If Mondelez International (MDLZ) wasn’t a player in the global energy bar business, it is now.
On June 20, the maker of Cadbury chocolate bars, Oreo cookies, Ritz crackers, Halls cough drops, Philadelphia cream cheese, Trident gum, and many other brands announced that it would pay $2.9-billion plus potential earnouts to acquire Clif Bar & Company, the maker of CLIF, CLIF Kid, and LUNA energy bars, the number one brand in the U.S. protein and energy bar market.
While CLIF bars are a known and popular commodity with Americans, the price paid isn’t exactly chump change. It’s a hefty price to pay. I’ll consider the pros and cons of Mondelez’s aggressive move. Ultimately, I’ll decide if it was worth it.
Mondelez Now Owns the #1 Brand In a Big Category
The global snack bar category is estimated to be worth $16 billion in annual sales, with revenues growing at a brisk 5% per year. Even better, the protein and energy segment is growing at 9% annually.
As for CLIF Bar, its sales have grown by 9% compounded annually over the past decade. Mondelez is paying a reasonable 3.6x sales for this growth. The opportunity to buy the U.S. leader in the protein and energy segment and grow it into a billion-dollar brand was too attractive to pass up.
“This transaction further advances our ambition to lead the future of snacking by winning in chocolate, biscuits and baked snacks as we continue to scale our high-growth snack bar business,” Mondelez International CEO Dirk Van de Put stated in its press release.

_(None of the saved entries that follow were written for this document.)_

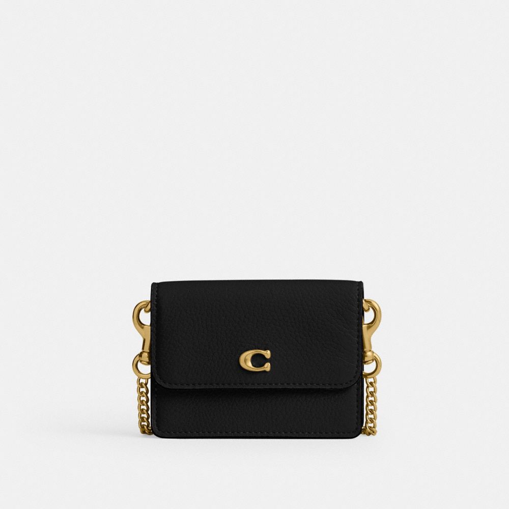 | Polished pebble leather | One credit card slot | Snap closure, leather lining | Outside slip pocket | Detachable chain strap with 21" drop for shoulder or crossbody wear | 4" (L) x 3" (H) x 1" (W)|Style No. CR538|
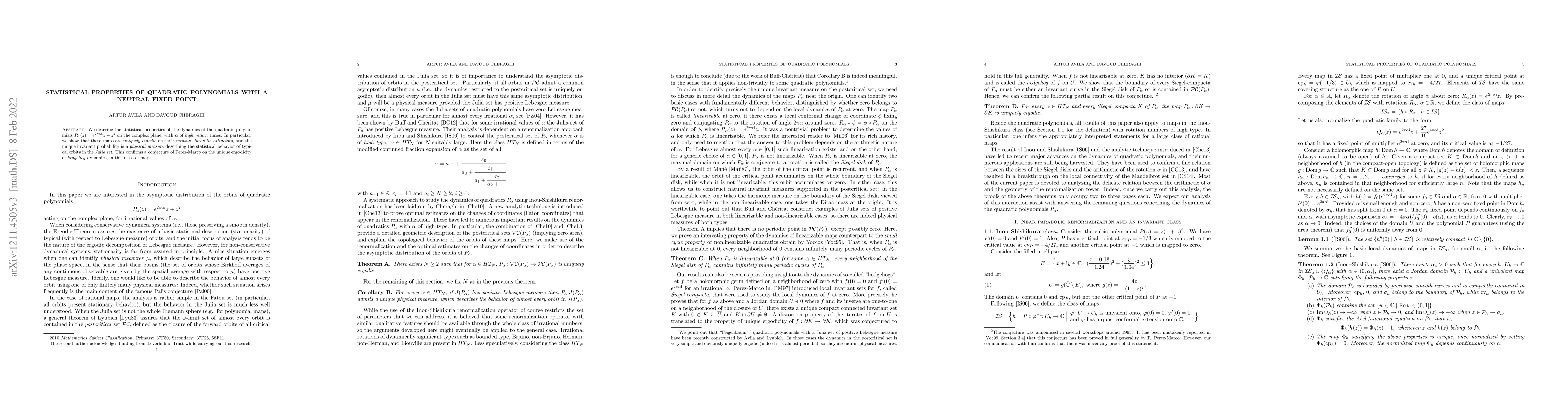 This research paper explores the statistical properties of quadratic polynomials with a neutral fixed point, showing they are uniquely ergodic on their attractors and exhibit unique invariant probabilities that describe typical orbits.
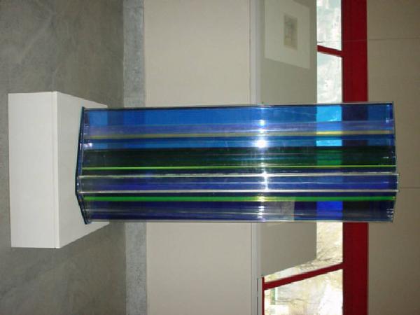 In un parallelepipedo cavo sono disposti elementi di forme e colori diversi, realizzando un gioco di trasparenze.
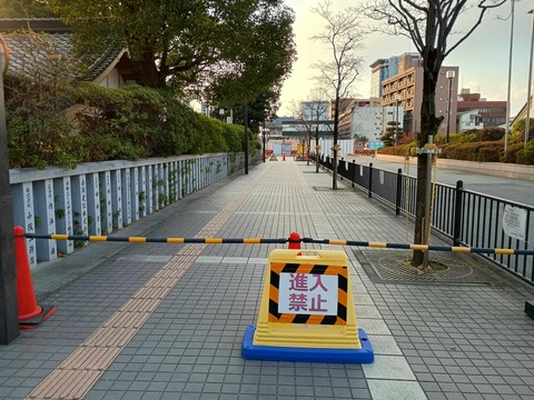 野見町 野見神社の北側の歩道、駐輪場が閉鎖されてる 2026年1月
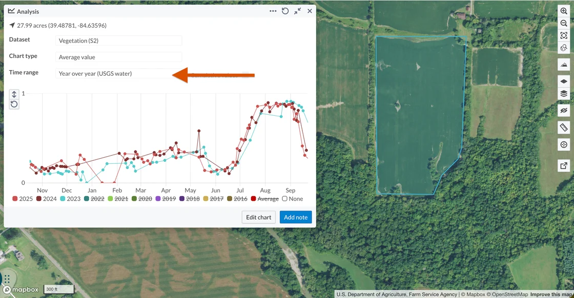 The Analysis tool in Lens can provide deeper insights into trends in the areas you monitor over your selected time range. As we kick of the new USGS water year running from October 1 - September 30, now is a great time to use Lens for Year over year USGS water year data.
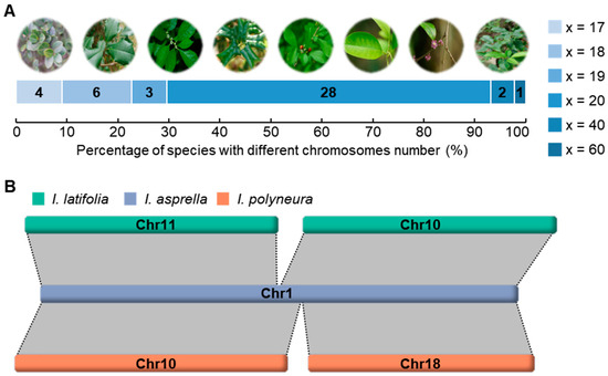 Chromosome number in Ilex and chromosome fusion in I. asprella. (A) Statistics of the chromosome number in representative species of Ilex. The photos from left to right indicate I. crenata Thunb. (x = 17), I. opaca Aiton and I. verticillata (L.) A. Gray (x = 18), I. cornuta Lindl. & Paxton (x = 19), I. decidua Walter, I. godajam (Colebr.) Wall. ex Hook.f. and I. pubescens Hook. & Arn. (x = 20), and I. pedunculosa (x = 60). (B) Collinearity plot showing the fusion of Chr1 in I. asprella.

Over the past four years, the company added nine brands to its roster, including the purchase of Ricolino and Chipita S.A. in 2022. Clif Bar won’t be the last. It’s likely to continue adding solid brands to its product lineup. Brands that have above-average growth potential like CLIF Bar.
These nine acquisitions, including CLIF Bar, have added $2.8 billion in annual revenue. Based on an operating margin of 16.3%, these nine brands have resulted in almost $500 million in additional operating profits, and they’re still growing.
Interestingly, Quaker Oats offered to buy CLIF Bar in 2000 for $120 million, or approximately 3x its sales that year, so the multiple has gone up slightly, and so has the dollar value.
In 2020, Mars acquired Kind snack bars for $5.0 billion, or 3.3x its annual sales, so Mondelez is paying a slightly higher multiple for a smaller company, but it does get a leader in the segment.
In 2021, CLIF Bar CEO Sally Grimes set a goal for $2 billion in annual revenue. Under Mondelez’s leadership and distribution, it likely will get there in the next decade.
The move makes sense given its plan to dominate the chocolate, biscuits, and baked snacks categories.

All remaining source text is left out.